Sunday, May 30, 2010

Easy is Complicated

For my Day Job (More signs that I've been officially hired -- my search entry in the campus people directory has been updated, although the office phone number is wrong.) I'm supposed to be learning a some scientific workflow software. This is open source software, and using the open source lingo I would say that it is less "free as in beer" but more "free as in puppies." And maybe a bit "free as in 'you get what you pay for.'"

Maybe I find it sort of silly because the current project involves running a formidable data set through R (which would be controlled by a script in batch mode) and then taking the results and passing it to another piece of software (my boss's pet software) that has a python scripting interface.

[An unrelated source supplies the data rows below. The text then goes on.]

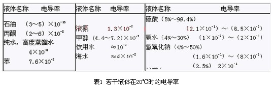 工業(yè)用水及其水溶液的電導(dǎo)率大于10-4S/cm,酸、堿、鹽液的電導(dǎo)率在10-4~10-1S/cm之間,使用不存在問題,低度蒸餾水為10-5S/cm也不存在問題。石油制品和有機溶劑電導(dǎo)率過低就不能使用。表1列出若干液體的電導(dǎo)率。從資料上查到有些純液或水溶液電導(dǎo)率較低,認為不能使用,然而實際工作中會遇到因含有雜質(zhì)而能使用的情況,這類雜質(zhì)增加了電導(dǎo)率。對于水溶液,資料中的電導(dǎo)率是用純水配比在實驗室測得的,實際使用的水溶液可能用工業(yè)用水配比,電導(dǎo)率將比查得的要高,也有利于流量測量。
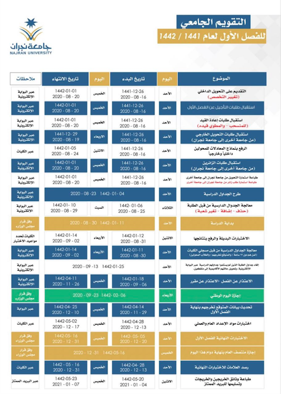Deanship Of Admission And Registration التقويم الجامعي 1439 1440 هـ التقويم الجامعي للأعوام السابقة
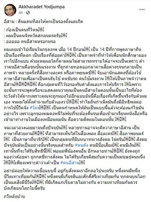 ใช่ครับ สังคมปัจจุบันมันเป็นอย่างนั้นจริงๆแต่สำหรับ #คนดัง คนมีชื่อเสียง คนมีเงิน เท่านั้นที่จะได้รับสิทธินี้ พ่อแม่พี่น้องคนอื่น อีกหลายท่าน ยังคงถูกมองว่าด้อยค่า ถูกกดขี่ทางสังคม ไม่ได้รับเกียรติสมกับความเป็นมนุษย์คนหนึ่ง เพียงเพราะคำว่าเค้าเป็น #คนอีสาน
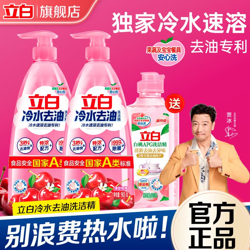 立白洗洁精白桃APG洗洁精洗碗液宝宝餐具果蔬洗洁剂高效去油除味家用 冷水速溶洗洁精900g*2瓶+220g白桃洗洁精
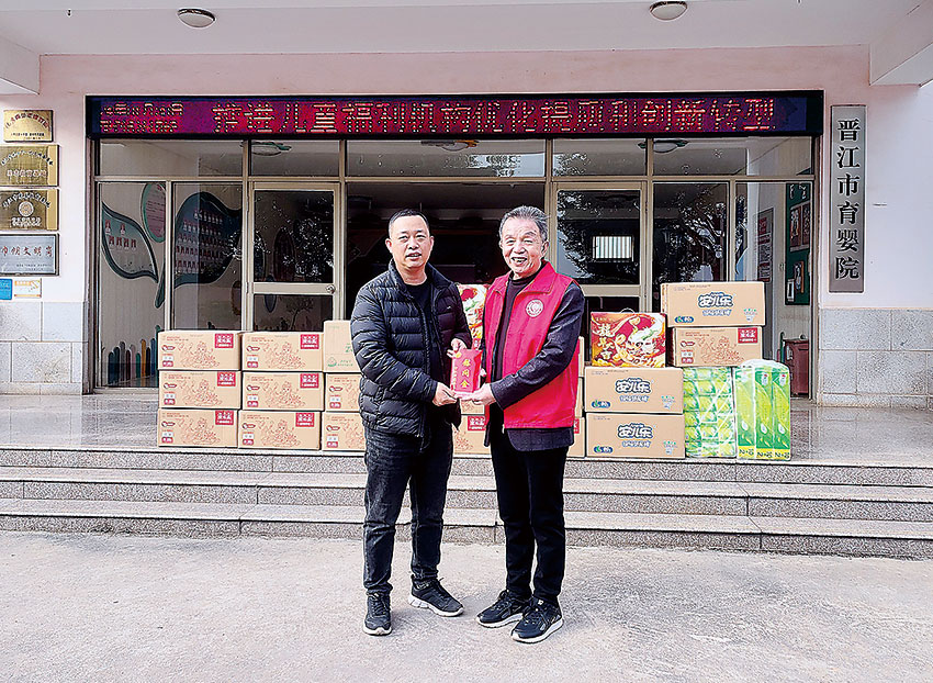 2023年春節前夕許連捷(右)赴晉江市育嬰院慰問

So here I am learning a very complicated graphical user interface with some sort of thespian metaphor to basically say, "Run a script. When that's done, take the results and feed them into another script." And the purpose of this? To make things easier for non-programmers. I'm pretty sure that anyone whose work involves tasks like, "Run this script, then run that script" would most likely do that by... writing a script as a wrapper around the two other scripts. But what do I know?

Since I have not yet figured out this workflow software, I have simplified my working task down to: Run an R script and then do something. I am not yet worrying about getting the software to extract the outputs from R or feeding anything into the next piece of software. Baby steps.

Not really wanting to use one of the formidable data sets that I've been working with (you know, the ones that fill all 4GB of my laptop's memory), I grabbed some math department data that I still have (and theoretically should delete, as I no longer work there, but it is such pretty data). My universe of students are first-time-freshmen who entered the university in Fall 2008. From there I subsetted down to the ones who took College Algebra in their first semester, were unsuccessful, and then retook the course in the second semester. Here's a barplot of their spring grades. Note: "NC" (No Credit) is a special grade that is like a C-, D, and F all rolled into one -- but that doesn't count in one's GPA. This is the "non-success" grade in College Algebra, Freshman Comp, and Intro to Engineering, among other courses.